• [WHAT THE EXERCISE ASKS]: Beginning with the line that contains "Heute stand für" and ending with the last line of the records, write out each line exactly and omit the pictures.

(Source records)
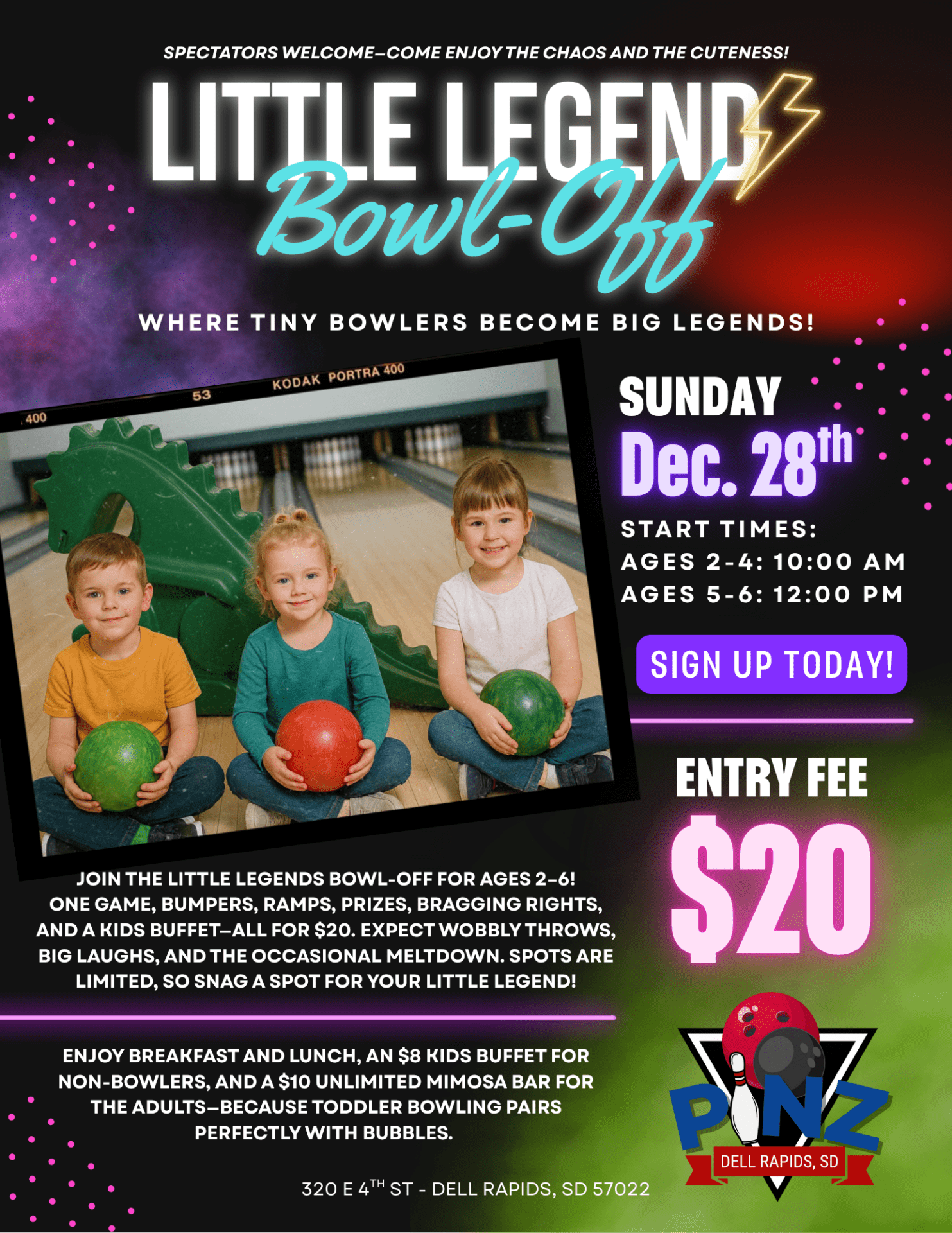 The Pinz bowling alley in Dell Rapids is organizing its first Little Legends Bowl-Off for kids age 2-6 on Sunday, Dec. 28.
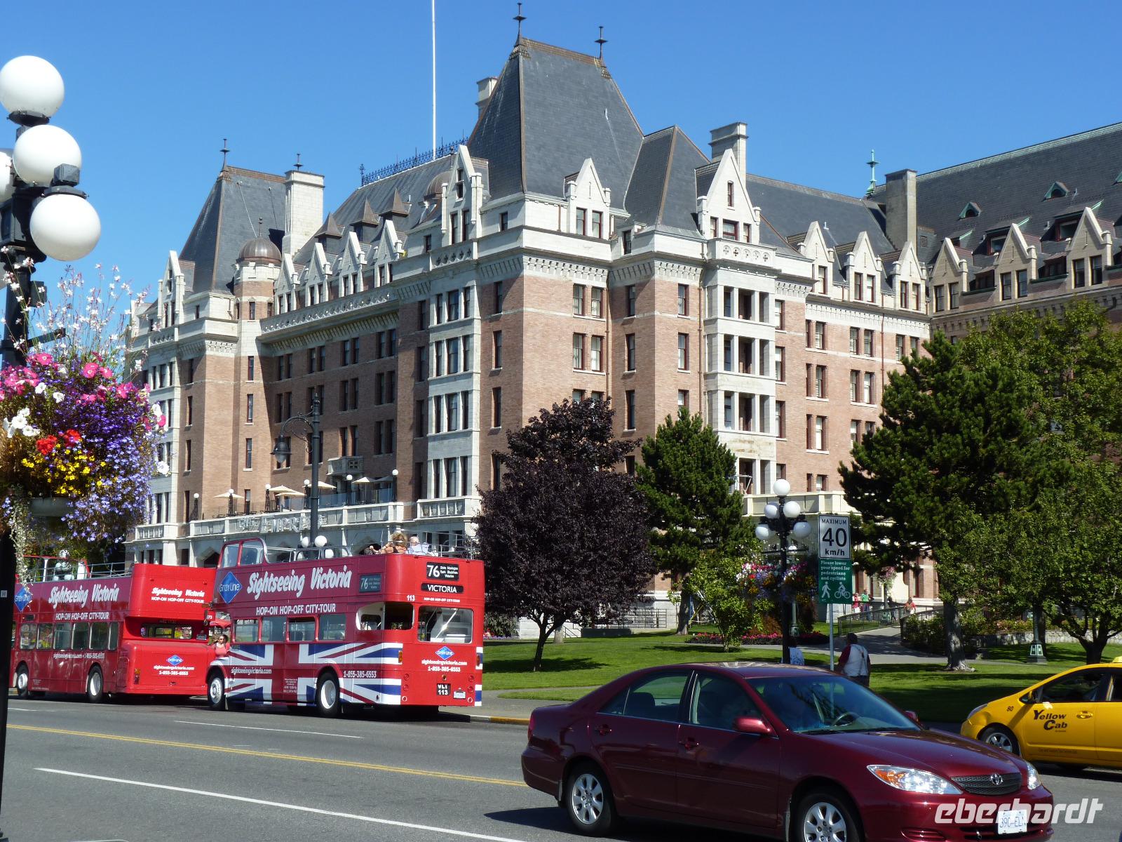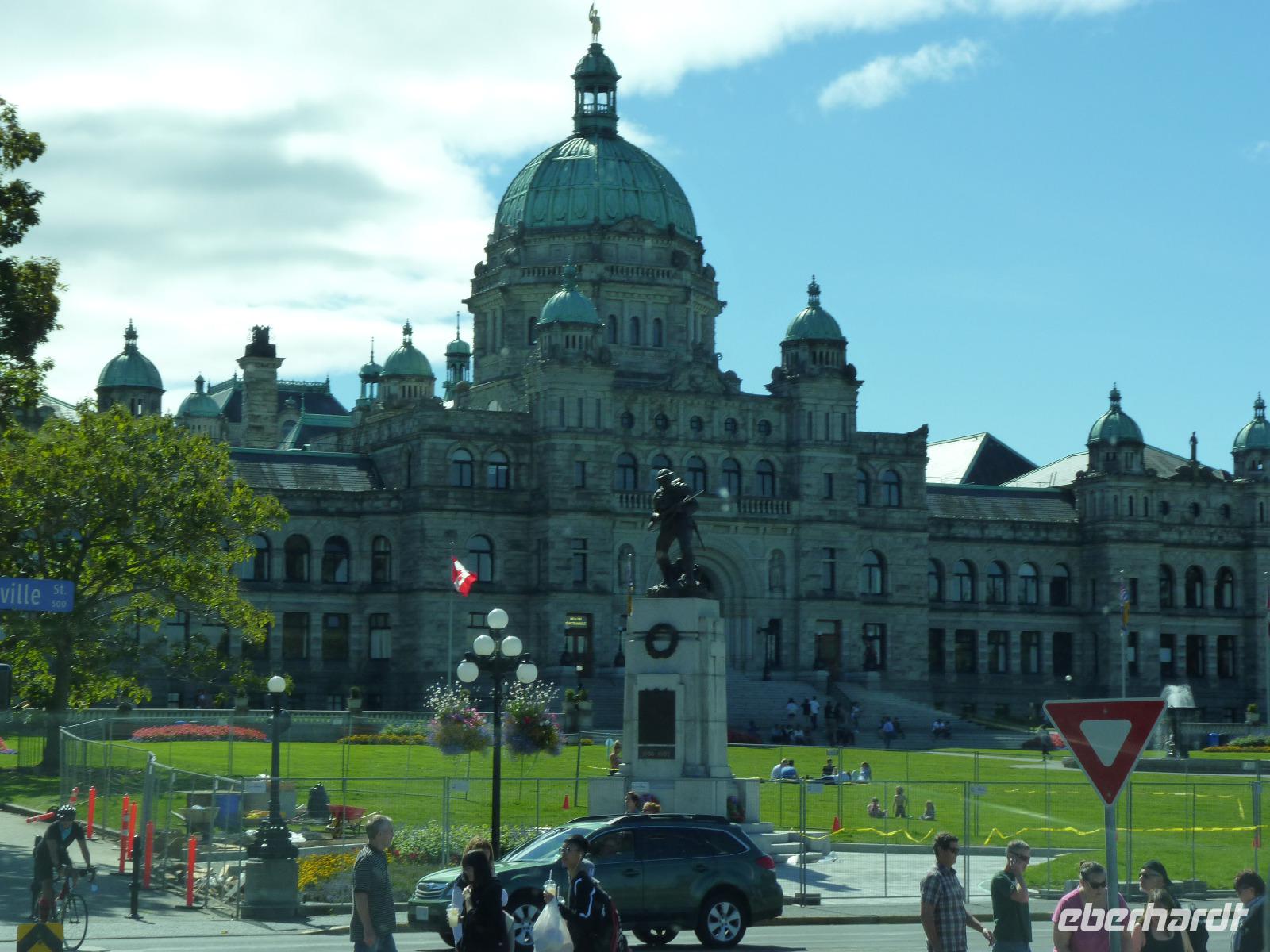 Heute stand für die meisten Gäste der Ausflug nach Vancouver Island auf dem Programm. Zeitiges Aufstehen war angesagt, denn um unseren Fährtermin um 08:00 Uhr zu erreichen, mussten wir schon um 06:30 Uhr vom Hotel losfahren. Kurz vor der Fähre dann die „Überraschung" - unsere Fähre war ersatzlos gestrichen. Nun hieß es 1 Stunde warten bis zur Nächsten. Die Zeit vertrieben wir uns mit einem Frühstück im Fahrhafen. Um 9:00 Uhr legte dann unsere Fähre pünktlich ab und nach etwa 1,5 Stunden erreichten wir Vancouver Island, um dort zu unserem ersten Ziel, dem Butchart Garden mit seinen sehr schönen Blumenanlagen, aufzubrechen. Im Anschluss daran fuhren wir nach Victoria, dem Hauptort von Vancouver Island. Da wir aufgrund des hohen Verkehrs für die Strecke fast eine Stunde benötigten, stand uns leider nicht mehr allzu viel Zeit zur Erkundung der Stadt zur Verfügung. Nach kurzer Stadtrundfahrt und Spaziergang mussten wir dann schon wieder aufbrechen, zumal wir für unsere Rückkehr nach Vancouver die Fähre im ca. 100 km entfernten Nanaimo erreichten mussten. Die Fähre erreichten wir mit einem kleinen Stopp in Duncan pünktlich und so kehrten wir auch entsprechend pünktlich wieder in unser Hotel zurück. Kurz darauf gingen wir dann wieder außerhalb des Hotels zum Abendessen.
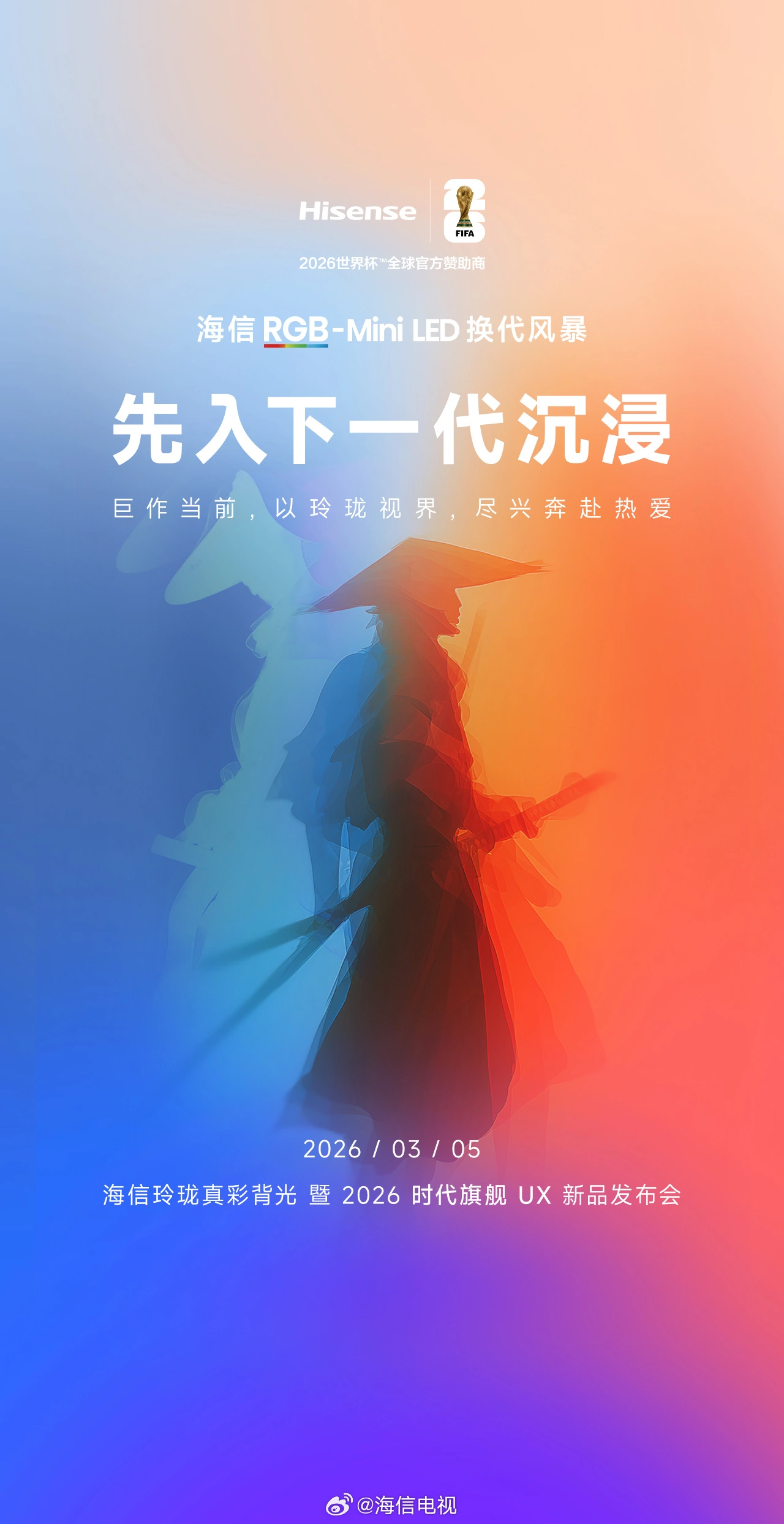 IT之家2月28日消息,海信RGB-Mini LED(884095)超旗舰电视UX2026款官宣将于3月5日正式发布上市,全球首创海信玲珑四芯真彩背光。
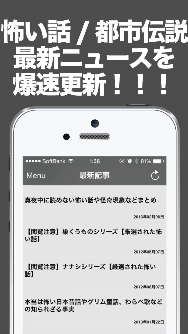 このアプリさえあれば1タップで簡単に怖い話が読めます。
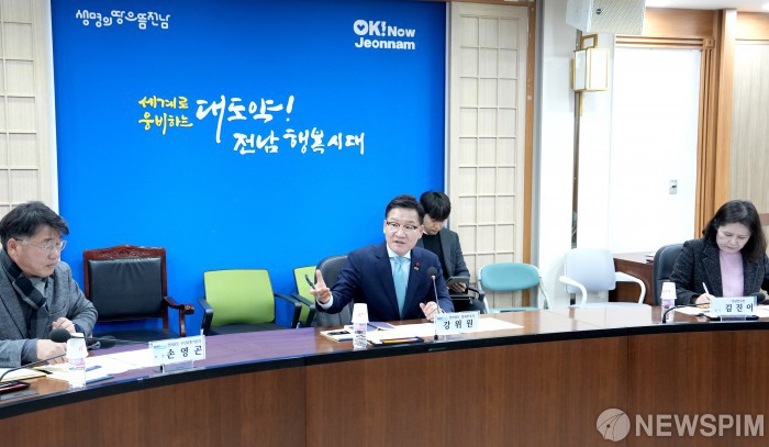 [무안=뉴스핌] 조은정 기자 = 강위원 전남도 경제부지사가 26일 오후 전남도청 정약용실에서 열린 '천일염 산업 활성화 간담회'에서 천일염 산업 발전방안 등 애로사항을 청취하고 최근 천일염 가격 하락에 따른 활성화 대책을 논의하고 있다. [사진=전남도]2026.01.26 ej7648@newspim.com
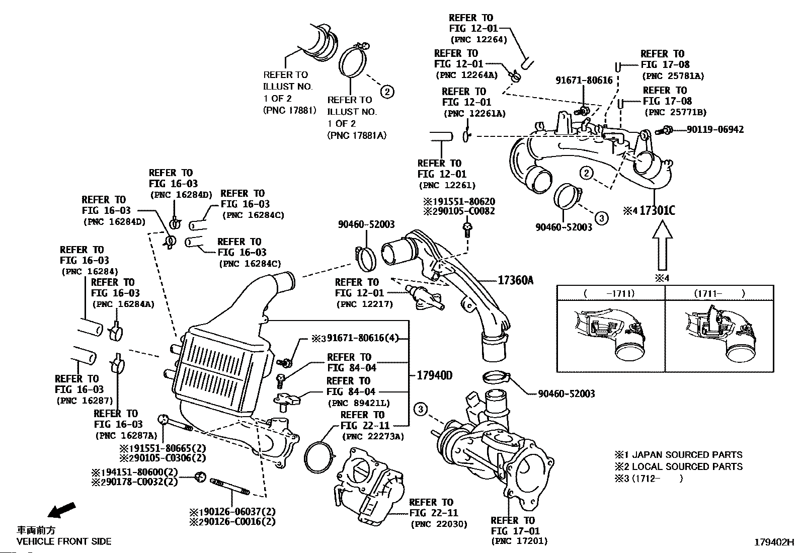 【17301C】173010Y010 Duct sub-assy, air intake, no.1

• [ANSWER FOR THIS EXERCISE]:
 Heute stand für die meisten Gäste der Ausflug nach Vancouver Island auf dem Programm. Zeitiges Aufstehen war angesagt, denn um unseren Fährtermin um 08:00 Uhr zu erreichen, mussten wir schon um 06:30 Uhr vom Hotel losfahren. Kurz vor der Fähre dann die „Überraschung" - unsere Fähre war ersatzlos gestrichen. Nun hieß es 1 Stunde warten bis zur Nächsten. Die Zeit vertrieben wir uns mit einem Frühstück im Fahrhafen. Um 9:00 Uhr legte dann unsere Fähre pünktlich ab und nach etwa 1,5 Stunden erreichten wir Vancouver Island, um dort zu unserem ersten Ziel, dem Butchart Garden mit seinen sehr schönen Blumenanlagen, aufzubrechen. Im Anschluss daran fuhren wir nach Victoria, dem Hauptort von Vancouver Island. Da wir aufgrund des hohen Verkehrs für die Strecke fast eine Stunde benötigten, stand uns leider nicht mehr allzu viel Zeit zur Erkundung der Stadt zur Verfügung. Nach kurzer Stadtrundfahrt und Spaziergang mussten wir dann schon wieder aufbrechen, zumal wir für unsere Rückkehr nach Vancouver die Fähre im ca. 100 km entfernten Nanaimo erreichten mussten. Die Fähre erreichten wir mit einem kleinen Stopp in Duncan pünktlich und so kehrten wir auch entsprechend pünktlich wieder in unser Hotel zurück. Kurz darauf gingen wir dann wieder außerhalb des Hotels zum Abendessen.
 IT之家2月28日消息,海信RGB-Mini LED(884095)超旗舰电视UX2026款官宣将于3月5日正式发布上市,全球首创海信玲珑四芯真彩背光。
 このアプリさえあれば1タップで簡単に怖い話が読めます。
 [무안=뉴스핌] 조은정 기자 = 강위원 전남도 경제부지사가 26일 오후 전남도청 정약용실에서 열린 '천일염 산업 활성화 간담회'에서 천일염 산업 발전방안 등 애로사항을 청취하고 최근 천일염 가격 하락에 따른 활성화 대책을 논의하고 있다. [사진=전남도]2026.01.26 ej7648@newspim.com
 【17301C】173010Y010 Duct sub-assy, air intake, no.1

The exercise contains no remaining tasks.